What this task involves >>
Transcribe the entries that follow exactly as they appear, minus pictures.

Items listed in a dataset
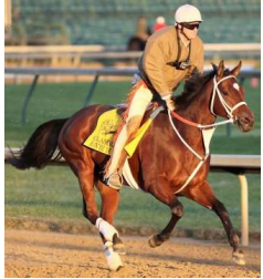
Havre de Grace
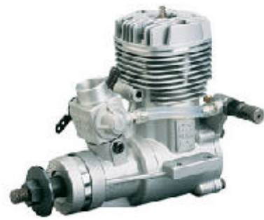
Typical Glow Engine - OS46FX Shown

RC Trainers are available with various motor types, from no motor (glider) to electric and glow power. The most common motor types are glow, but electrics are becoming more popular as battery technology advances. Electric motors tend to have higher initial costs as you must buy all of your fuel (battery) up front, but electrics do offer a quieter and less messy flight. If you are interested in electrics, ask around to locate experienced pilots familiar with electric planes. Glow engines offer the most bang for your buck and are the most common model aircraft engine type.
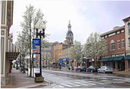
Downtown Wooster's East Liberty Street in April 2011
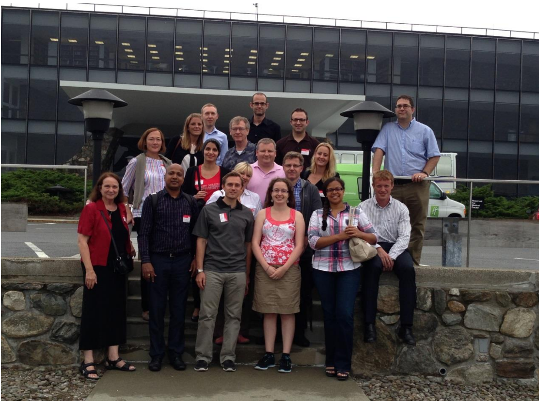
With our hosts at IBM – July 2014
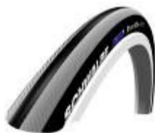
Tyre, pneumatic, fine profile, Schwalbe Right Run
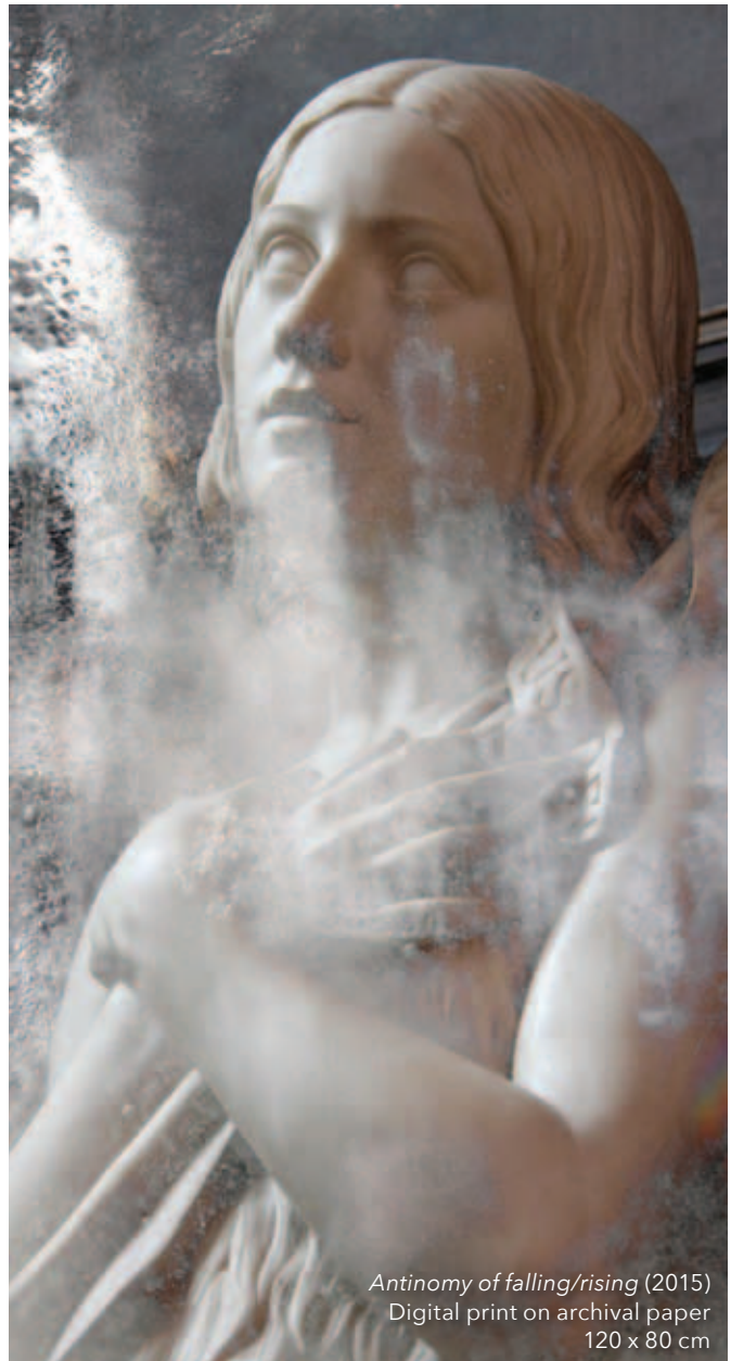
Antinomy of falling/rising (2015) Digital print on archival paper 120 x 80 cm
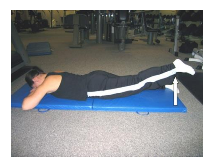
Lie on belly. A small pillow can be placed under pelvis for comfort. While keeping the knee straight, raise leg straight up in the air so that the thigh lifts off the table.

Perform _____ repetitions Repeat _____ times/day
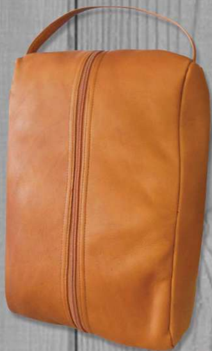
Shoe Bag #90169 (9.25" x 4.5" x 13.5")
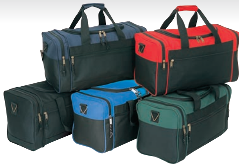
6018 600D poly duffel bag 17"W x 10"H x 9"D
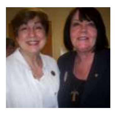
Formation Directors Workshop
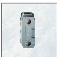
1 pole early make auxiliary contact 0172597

Result for this exercise >>
Havre de Grace
Typical Glow Engine - OS46FX Shown

RC Trainers are available with various motor types, from no motor (glider) to electric and glow power. The most common motor types are glow, but electrics are becoming more popular as battery technology advances. Electric motors tend to have higher initial costs as you must buy all of your fuel (battery) up front, but electrics do offer a quieter and less messy flight. If you are interested in electrics, ask around to locate experienced pilots familiar with electric planes. Glow engines offer the most bang for your buck and are the most common model aircraft engine type.
Downtown Wooster's East Liberty Street in April 2011
With our hosts at IBM – July 2014
Tyre, pneumatic, fine profile, Schwalbe Right Run
Antinomy of falling/rising (2015) Digital print on archival paper 120 x 80 cm
Lie on belly. A small pillow can be placed under pelvis for comfort. While keeping the knee straight, raise leg straight up in the air so that the thigh lifts off the table.

Perform _____ repetitions Repeat _____ times/day
Shoe Bag #90169 (9.25" x 4.5" x 13.5")
6018 600D poly duffel bag 17"W x 10"H x 9"D
Formation Directors Workshop
1 pole early make auxiliary contact 0172597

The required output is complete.